## [Dataset content]
◆ ◆ ◆ ◆

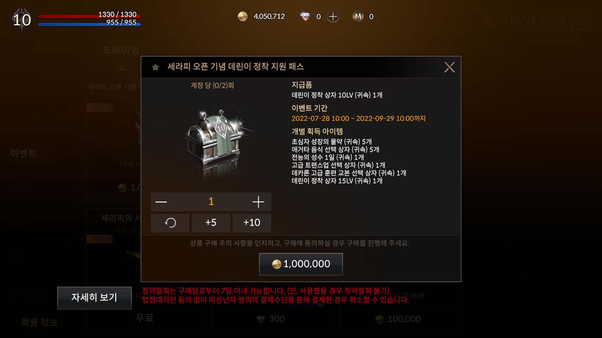 공식 홈페이지에서 내용을 확인하고 상점에서 이벤트 탭으로 가니 100만 딜에 판매하고 있는 상품을 볼 수 있었습니다. 다만 레벨 제한(10)이 있어서 바로 구매는 불가능했습니다. 딜(게임 재화)은 충분해서 따로 모으지 않아도 구매가 가능했습니다. 레벨 10까지는 5~10분 정도면 충분히 키울 수 있는 레벨이었습니다. 해당 상자를 까 보면 레벨에 해당하는 보상과 다음 보상 상자를 같이 지급합니다. 이렇게 성장을 유도하는 방식은 나쁘지 않았습니다.
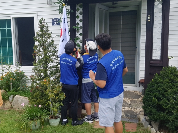 상촌면 하도대리 마을 등 주위 5개 마을을 방문해 집집마다 태극기 거치대를 직접 설치하고 전 주민에 태극기를 전달했다.
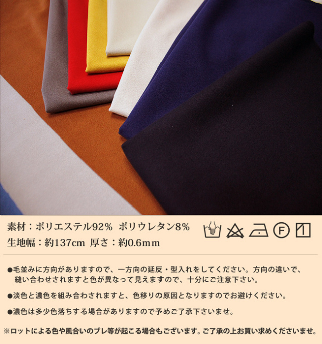 使いやすいカラーとしなやかな人工皮革スエード生地
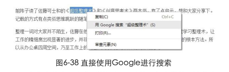 以前我們?cè)跒g覽網(wǎng)頁(yè)時(shí),看到一個(gè)想去了解更多的詞會(huì)怎么做呢? 我在一篇文章中看到一本書(shū),叫做《超級(jí)整理術(shù)》。我并不清楚這本書(shū)講了什么內(nèi)容,想去了解一下。于是我選中這幾個(gè)字,點(diǎn)擊鼠標(biāo)右鍵復(fù)制,在瀏覽器中新建個(gè)標(biāo)簽頁(yè),打開(kāi)Google,在搜索欄中右鍵粘貼,點(diǎn)擊"搜索”按鈕。經(jīng)過(guò)這一系列的操作之后,我終于在搜索結(jié)果頁(yè)中看到了關(guān)于這本書(shū)的簡(jiǎn)介、評(píng)價(jià)、購(gòu)買信息,等等。其實(shí)這整個(gè)過(guò)程也只是會(huì)耗費(fèi)幾十秒的時(shí)間,操作起來(lái)并不會(huì)覺(jué)得太難。直到有一天,我在使用Chrome瀏覽器的時(shí)候發(fā)在復(fù)制操作的下方,有一個(gè)"用Google搜索"XXX,"的選項(xiàng),只需點(diǎn)擊這一選項(xiàng),瀏覽器就會(huì)自動(dòng)彈出一個(gè)標(biāo)簽頁(yè),把我要的結(jié)果搜索出來(lái)。“選中-右鍵復(fù)制-新建窗口一打開(kāi)網(wǎng)站-粘貼-搜索" 這一復(fù)雜的過(guò)程就變成了"選中右鍵點(diǎn)擊Google搜索",只需2步,輕松完成任務(wù),如圖6-38所示。
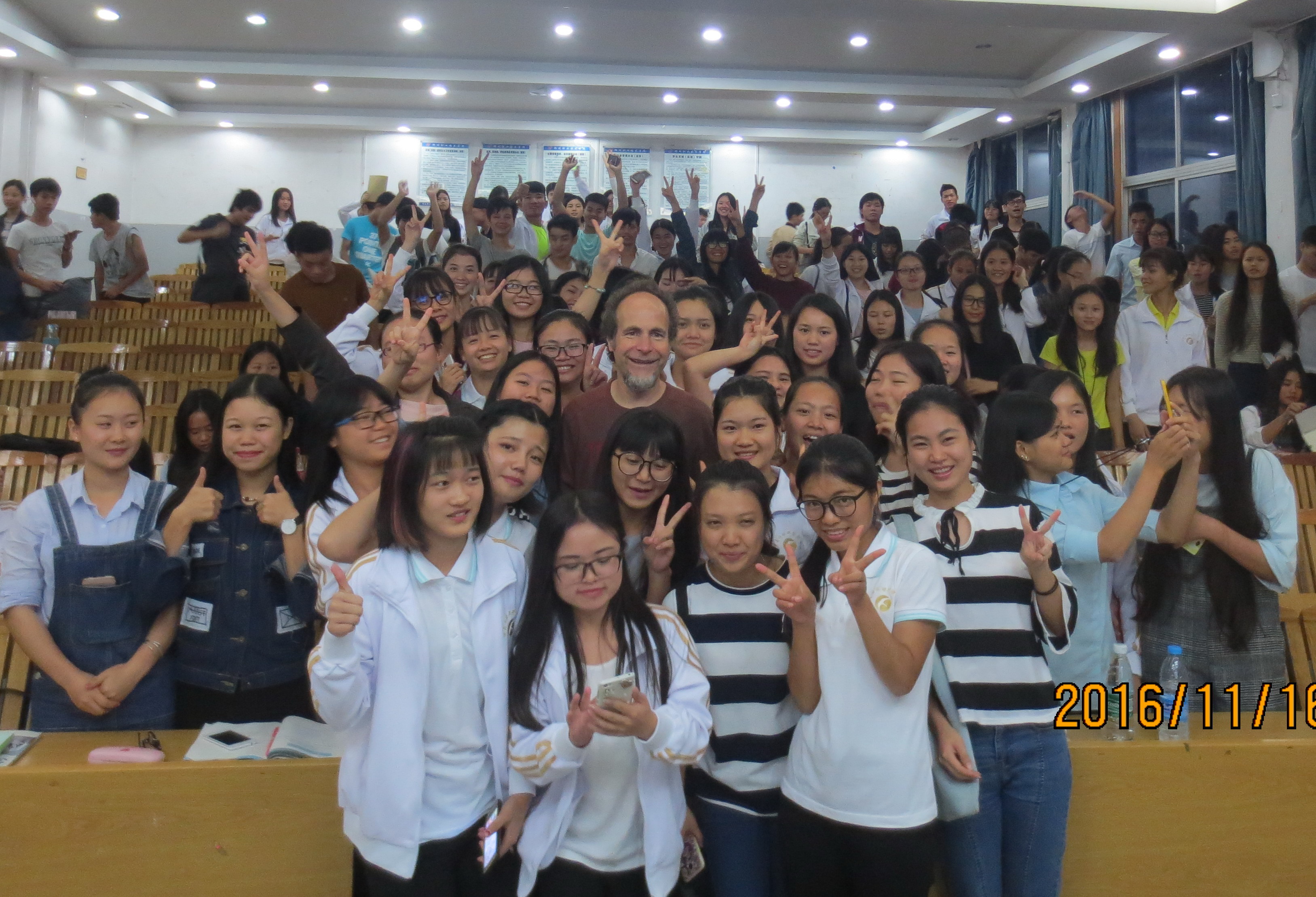 新闻网消息(文/公共基础部 李彩霞 图/公共基础部 桂桔、李彩霞)2016年11月16日晚,来自柳州姐妹城市-美国俄亥俄州辛辛那提市的Joe Hamrick先生受公共基础部高职英语教学团队的邀请,来到我校德馨楼101教室,与贸易与旅游管理学院的学生开展外教课活动,活动由公共基础部高职英语教学团队桂桔和李彩霞组织。
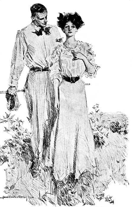 [327]Upon the hill-top they found great banners of purple and gold waving before their eyes against a background of blue and green. Below them the verdure of the rolling fields and maple clumps were also tinted with gold. The air was soft, and yet it sparkled as though fine gold were being sifted down from above. A wonderful world, and they two stood alone in it. Populous cities subsiding their turmoil; men and women going about the ordinary routine of their lives; ships putting to sea and men being carried to hospitals—all those things there might be for others outside the circumference of their eyes, but to them mere phantasies, pleasant and unpleasant. They stood alone here and the fact of grappling kingdoms and great deeds elsewhere were but the tawdriest distant incidents.
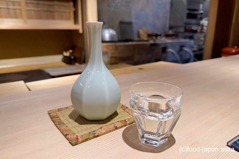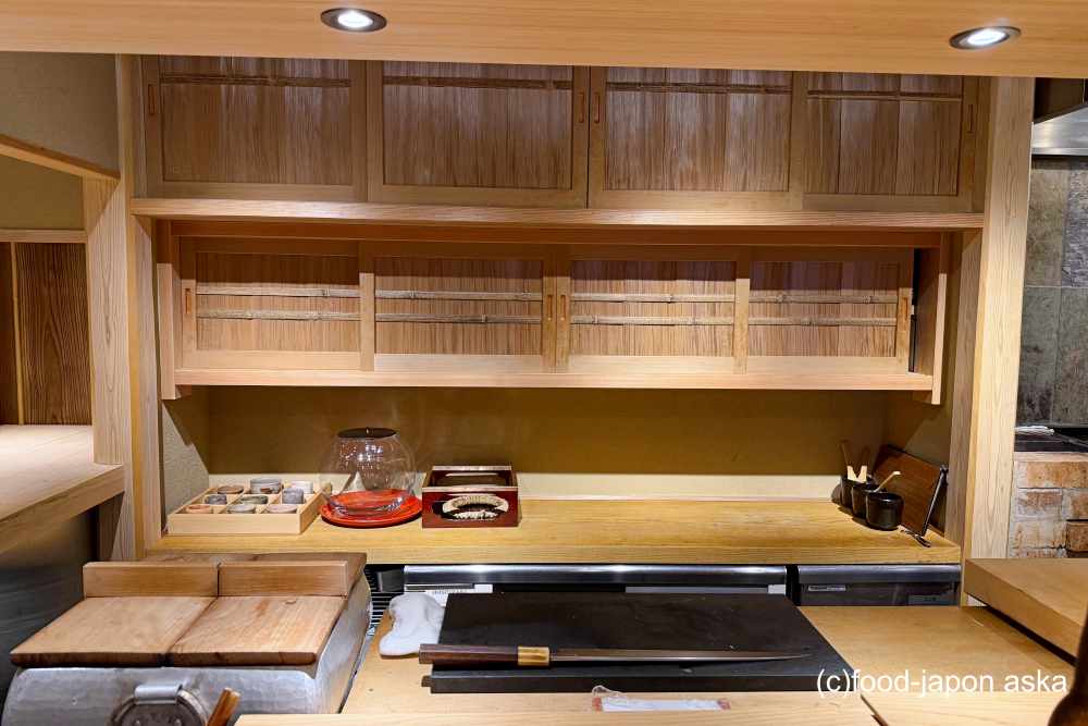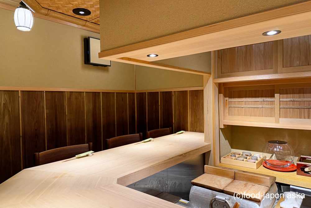玄関扉を一枚隔てて、洗練された空間が広がっているので、初訪問だとかなりびっくりします。席はL字カウンターに9席で、厨房が見渡せる造りなので、調理の臨場感もあり。
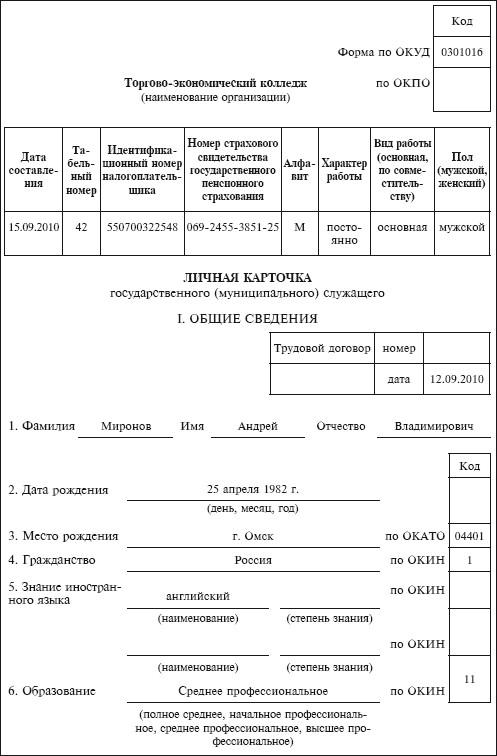 Рассмотрим порядок заполнения личной карточки государственного (муниципального) служащего (форма № Т-2ГС (МС)).

◆ ◆ ◆ ◆

The listing should be transcribed exactly. No picture is to appear in the transcription.

 공식 홈페이지에서 내용을 확인하고 상점에서 이벤트 탭으로 가니 100만 딜에 판매하고 있는 상품을 볼 수 있었습니다. 다만 레벨 제한(10)이 있어서 바로 구매는 불가능했습니다. 딜(게임 재화)은 충분해서 따로 모으지 않아도 구매가 가능했습니다. 레벨 10까지는 5~10분 정도면 충분히 키울 수 있는 레벨이었습니다. 해당 상자를 까 보면 레벨에 해당하는 보상과 다음 보상 상자를 같이 지급합니다. 이렇게 성장을 유도하는 방식은 나쁘지 않았습니다.
 상촌면 하도대리 마을 등 주위 5개 마을을 방문해 집집마다 태극기 거치대를 직접 설치하고 전 주민에 태극기를 전달했다.
 使いやすいカラーとしなやかな人工皮革スエード生地
 以前我們?cè)跒g覽網(wǎng)頁(yè)時(shí),看到一個(gè)想去了解更多的詞會(huì)怎么做呢? 我在一篇文章中看到一本書(shū),叫做《超級(jí)整理術(shù)》。我并不清楚這本書(shū)講了什么內(nèi)容,想去了解一下。于是我選中這幾個(gè)字,點(diǎn)擊鼠標(biāo)右鍵復(fù)制,在瀏覽器中新建個(gè)標(biāo)簽頁(yè),打開(kāi)Google,在搜索欄中右鍵粘貼,點(diǎn)擊"搜索”按鈕。經(jīng)過(guò)這一系列的操作之后,我終于在搜索結(jié)果頁(yè)中看到了關(guān)于這本書(shū)的簡(jiǎn)介、評(píng)價(jià)、購(gòu)買信息,等等。其實(shí)這整個(gè)過(guò)程也只是會(huì)耗費(fèi)幾十秒的時(shí)間,操作起來(lái)并不會(huì)覺(jué)得太難。直到有一天,我在使用Chrome瀏覽器的時(shí)候發(fā)在復(fù)制操作的下方,有一個(gè)"用Google搜索"XXX,"的選項(xiàng),只需點(diǎn)擊這一選項(xiàng),瀏覽器就會(huì)自動(dòng)彈出一個(gè)標(biāo)簽頁(yè),把我要的結(jié)果搜索出來(lái)。“選中-右鍵復(fù)制-新建窗口一打開(kāi)網(wǎng)站-粘貼-搜索" 這一復(fù)雜的過(guò)程就變成了"選中右鍵點(diǎn)擊Google搜索",只需2步,輕松完成任務(wù),如圖6-38所示。
 新闻网消息(文/公共基础部 李彩霞 图/公共基础部 桂桔、李彩霞)2016年11月16日晚,来自柳州姐妹城市-美国俄亥俄州辛辛那提市的Joe Hamrick先生受公共基础部高职英语教学团队的邀请,来到我校德馨楼101教室,与贸易与旅游管理学院的学生开展外教课活动,活动由公共基础部高职英语教学团队桂桔和李彩霞组织。
 [327]Upon the hill-top they found great banners of purple and gold waving before their eyes against a background of blue and green. Below them the verdure of the rolling fields and maple clumps were also tinted with gold. The air was soft, and yet it sparkled as though fine gold were being sifted down from above. A wonderful world, and they two stood alone in it. Populous cities subsiding their turmoil; men and women going about the ordinary routine of their lives; ships putting to sea and men being carried to hospitals—all those things there might be for others outside the circumference of their eyes, but to them mere phantasies, pleasant and unpleasant. They stood alone here and the fact of grappling kingdoms and great deeds elsewhere were but the tawdriest distant incidents.
玄関扉を一枚隔てて、洗練された空間が広がっているので、初訪問だとかなりびっくりします。席はL字カウンターに9席で、厨房が見渡せる造りなので、調理の臨場感もあり。
 Рассмотрим порядок заполнения личной карточки государственного (муниципального) служащего (форма № Т-2ГС (МС)).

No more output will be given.